Mailbag: How Tennis Can Improve Match Statistics
Jared Donaldson—into the top 50 for the first time this week—is our next podcast guest.
While the women play out the season in Singapore….
Mailbag
Have a question or comment for Jon? Email him at jon_wertheim@yahoo.com or tweet him @jon_wertheim.
As someone who has spent time around each of them, who would you say is the smartest of the Big Four?
—Liam, London
• “Smart” is, of course, a bit like “athletic.” Having capability on one axis doesn't mean you have it on another. There are athletes with savant-like hand-eye coordination, who can’t jump over credit cards. We all know of programming wizards or brilliant musicians who sometimes forget that pants go over underwear. What is smart? The person you might want as your SAT tutor is not necessarily the person you want fashioning your escape from the jungle.
But in terms of the Big Four and their intelligence, I’ll make two points. Their “smarts” may be different and may express themselves in different ways. In some cases, it’s facility for language; in others, it’s EQ or social smarts. In other cases (I’ll single out Djokovic by name) it’s an innate curiosity, a desire to seek. For others, it’s a quick wit.
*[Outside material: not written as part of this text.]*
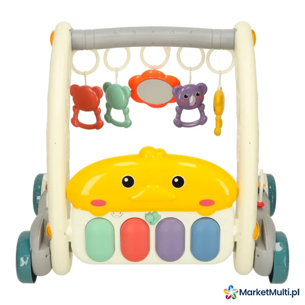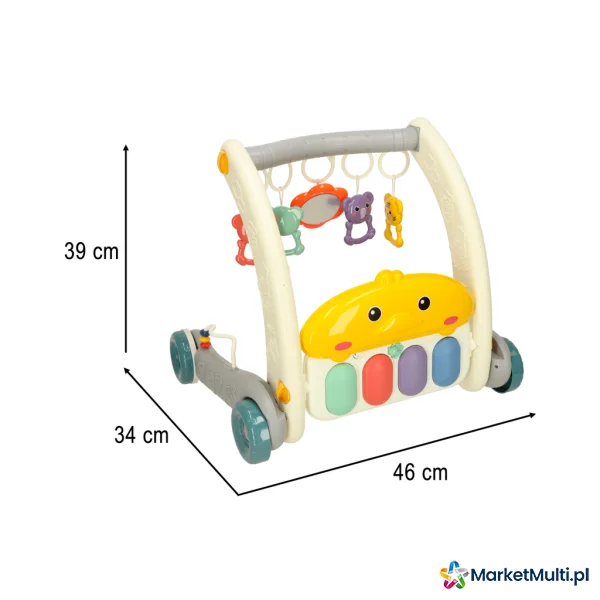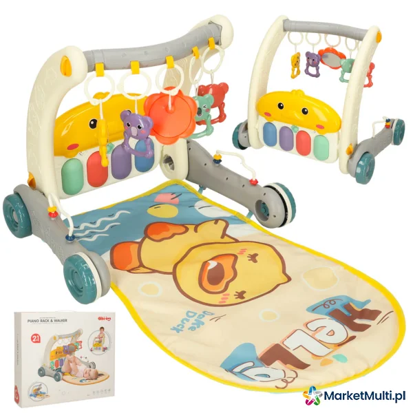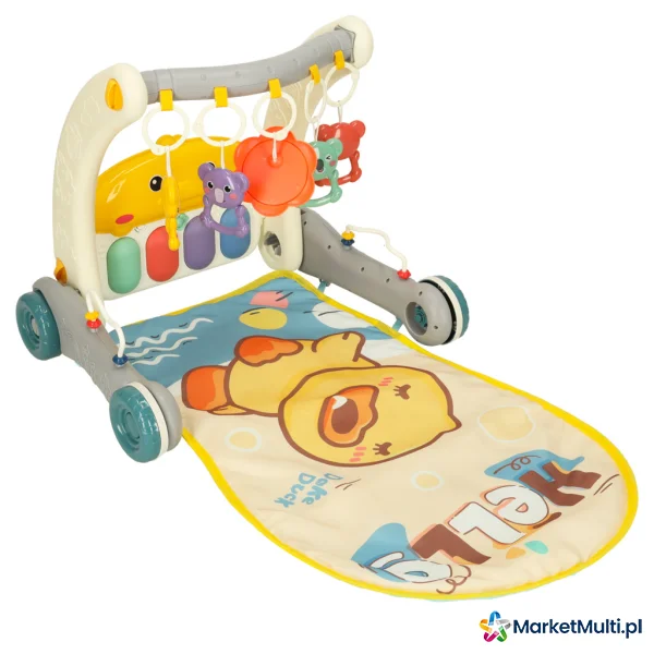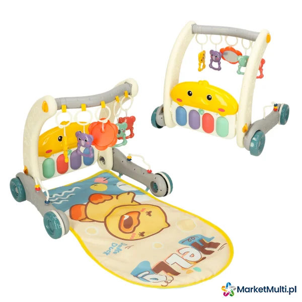 Produkt rośnie razem z Twoim dzieckiem. Na początku, gdy maluch leży na brzuszku, może bawić się kolorowymi zawieszkami i słuchać dźwięków pianinka. Gdy przyjdzie czas na pierwsze kroki, wystarczy przekształcić matę w stabilny chodzik, który zapewni bezpieczeństwo i pewność podczas nauki chodzenia.

But overall, I would say the Big Four, collectively, are remarkably “smart,” and I don't qualify that by saying “for athletes.” Which leads me to point two.
Monica Puig, Maria Sharapova Travel to Puerto Rico to Help With Hurricane Recovery
The question is almost circular. Often as we hear the “dumb jock” archetype—and anyone who’s spent time around sports has examples—I would submit that, almost prima facie, it doesn't apply to the very best. That is, you cannot be a consistent, persistent winner, a long-term champion (which, of course, each of the Big Four is) without a significant measure of smarts. Some of this is mental fortitude and strategic savvy during competition. But this is also smarts in terms of career management. Making the right decisions. Avoiding bad choices. Making the right hires. Managing affairs and relationships. There is an element of intelligence in most every champion.
There's a lot of focus on Federer vs. Nadal as ATP Player of the Year. On the women's side, another veteran—Venus Williams—has appeared in more Grand Slam finals (2) and semifinals (3) than any other player. Does that mean she's a stronger contender for WTA Player of the Year?
—Thanks! Chris
• We all love Venus. We all admire her season. (A player reaches a certain point in their career, and I think we can dial back the no-cheering-in-the-press-box maxim.)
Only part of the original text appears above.